Fig. 16 DAQ error 16 wfs with block and sample index

DAQ index cut will test each event’s DAQ reading by below categories

  • number of IRS blocks are always 4 multiples

  • IRS number is always the same for all DDAs

  • DDA index is always like 0,1,2,3,0,1~

  • Channel masking is always ‘1’ for all 8 binary digits

  • There is a block gap or not

  • WF length is always same or greater than run configuration. example) soft:8, RF/Cal:28, (depending on DAQ configuration)

Cut 5 & 6 are imported from previous A2/3 diffuse analysis

First minute cut

Related doc. DB2554

This cut is done by get_first_minute_events function

The events at every beginning of the run have unphysical WF shape, such as Spikey WF, large offset with a pedestal

Cause is unknown. It might be due to digitizer reset issue

This cut will exclude first 1 minute of every runs

../../_images/cur2_wf2.png

Fig. 17 bad wf in first minute

../../_images/cur2_wf_hist.png

Fig. 18 distribution of first minute wfs in median

../../_images/cut2_table.png

Fig. 19 livetime losses of first minute cut

DDA voltage cut

Related doc. DB2530

This cut is done by get_bias_voltage_events and get_bad_evt_rate_events function

Unstable bias voltage feeds on the DDA boards cause unphysical WF.

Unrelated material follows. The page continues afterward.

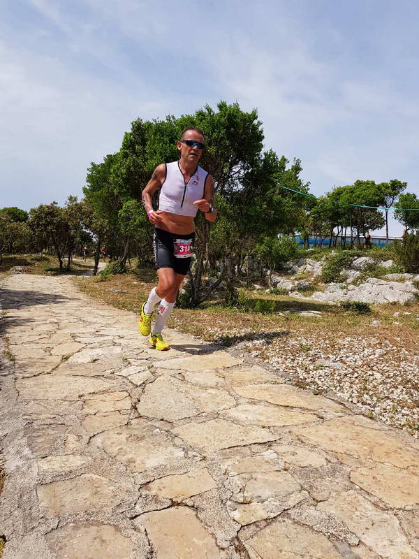 Štart plavanja ob 10.uri je sicer spremljalo še nekaj oblakov, ki pa so se kmalu razkadili v sončen dan. Plavanje ni bilo stresno, saj se nas je 200 moških tekmovalcev hitro razporedilo v čistem morju, ob koncu pa sem spet imel nekaj težav z prebolelim vestibularnim sindromom in izgubo ravnotežja, saj se mi je začelo zadnje metre v vodi vrteti, tako da sem ob izhodu iz morja celo zletel po stopnicah. K sreči so trdna tla naredila svoje in že po prvih metrih kolesarjenja sem se začel počutiti odlično. Proga je peljala iz Petrčanov v Nin, kjer so nas, na zaprti cesti čakali precej ravninski štirje krogi, v katerih mi je uspelo hitrost stopnjevati, tako da sem kolesarskih devetdeset kilometrov končal s povprečno hitrostjo 37,3 km/h. Na žalost pa nas je ravno ob izhodu iz zadnjega kroga, ko se “nabijanju” tekmovalcev skoraj ne da izogniti, dohitel sodnik na motorju in štirim tekmovalcem; Ukrajincu, Hrvatu, meni in Juretu Velepcu, pokazal kazen vožnje v zavetrju – modri karton. Kazni nisem komentiral, sem pa po prihodu v menjalni prostor izgubljal čas, saj sem želel od sodnikov izvedeti kje “se kazen oddela.” Pa v tistem trenutku niso vedeli. Med tekom sem od Helene dobil informacijo, da je moj glavni konkurent Josip Živković pred menoj za dobro minuto in v glavi sem že praračunaval, da me bo kazen najbrž drago stala in bova z Josipom, po vsej verjetnosti, zamenjala lanski mesti. In res, po pretečenem prvem krogu, so me sodniki potegnili v “penalty box,” kjer v času kazni tekmovalec ne sme niti na WC. Kljub temu, da so se mišice ohladili sem tek nadaljeval v svojem tempu in tudi zaradi informacij, ki sem jih od Helene dobival ob progi, zaostanek šestih minut počasi začel zmanjševati. Josipa sem ujel in prehitel v zadnjem krogu in v do konca nabral ugodne tri minute prednosti, ki so pomenile zmago v kategoriji. v krasno jutro, ki je omogočalo optimalne pogoje na progi.

Shift of Noise level, 0 ADC event, time drift, and 0 Calpulser rate

If DDA voltage readings (in sensorHk) were out of 3 ~ 3.5 or Calpulser rate was lower than 0.85 Hz, events are removed

../../_images/cut3_hist.png

Fig. 20 data status with sensoeHk data

../../_images/cut3_hist2.png

Fig. 21 result of the cut

High software rate cut

Related doc. DB2554

This cut is done by get_bad_evt_rate_events function with use_sec = True option

High Software rate are presented mostly beginning of the run

Assuming DAQ / internal clock are not performing well

If there is more than 2 software event per unix time, all the events in that unix time are removed

../../_images/cut4_hist.png

Fig. 22 distribution of software rate. top: based on operation time, bottom: baseed on rate

../../_images/cut34_table.png

Fig. 23 livetime losses of DDA voltage and high software cut

../../_images/cut4_hist0_0.png

Fig. 24 example run when software rate is 2

../../_images/cut4_hist0_1.png

Fig. 25 example run when software rate is 2. Maroon circle indicates software triggered event.

Short run cut

Related doc. DB2560

This cut is done by get_short_run_events function

Decided to remove the run if Ops. time is shorter than 30 min. or number of RF/Soft events are smaller than 10000

Focus the analysis to the run that has normalish Ops. time

../../_images/cut5_hist.png

Fig. 26 distribution of runs based on operation time and number triggered events

Known bad runs / unix time cut

Related doc. ARA wiki, GitHub

This cut is done by get_known_bad_unix_time_events and get_known_bad_run_events function

Most of known bad runs / unix times are corresponding to calibration run or surface activity during the pole season

../../_images/cut56_table.png

Fig. 27 livetime losses of short run, known bad run and bad unix time

CW GPS cut

Related doc. DB2664

This cut is done by get_cw_log_events function

The event that has weather balloon signature is removed by MET’s balloon flight log

If distance between station and balloon is smaller than ~17 km, events in that period are removed

../../_images/cut7_hist.png

Fig. 28 example GPS path and overlap with Sinesubtract data

../../_images/cut7_hist2.png

Fig. 29 total comaprison 2013 to 2020

../../_images/cut7_hist3.png

Fig. 30 Sinesubtract data vs distance between station and balloon

Pedestal cut

Related doc. DB2560

This cut is done by run_ped_qual_cut function

If the run has a short operation time or small number of triggered events, It has not good enough events to create a pedestal for all buffer regions

After all the cuts, If usage of any IRS block was below 20 (current Config. file limit for pedestal production), run will be removed

../../_images/cut8_log.png

Fig. 31 pedestal configuration in the log file

../../_images/cut8_hist.png

Fig. 32 example of bad pedestal file

../../_images/cut78_table.png

Fig. 33 livetime losses of CW GPS cut and pedestal cut

Livetime

Total livetime after 8 cuts (Good livetime)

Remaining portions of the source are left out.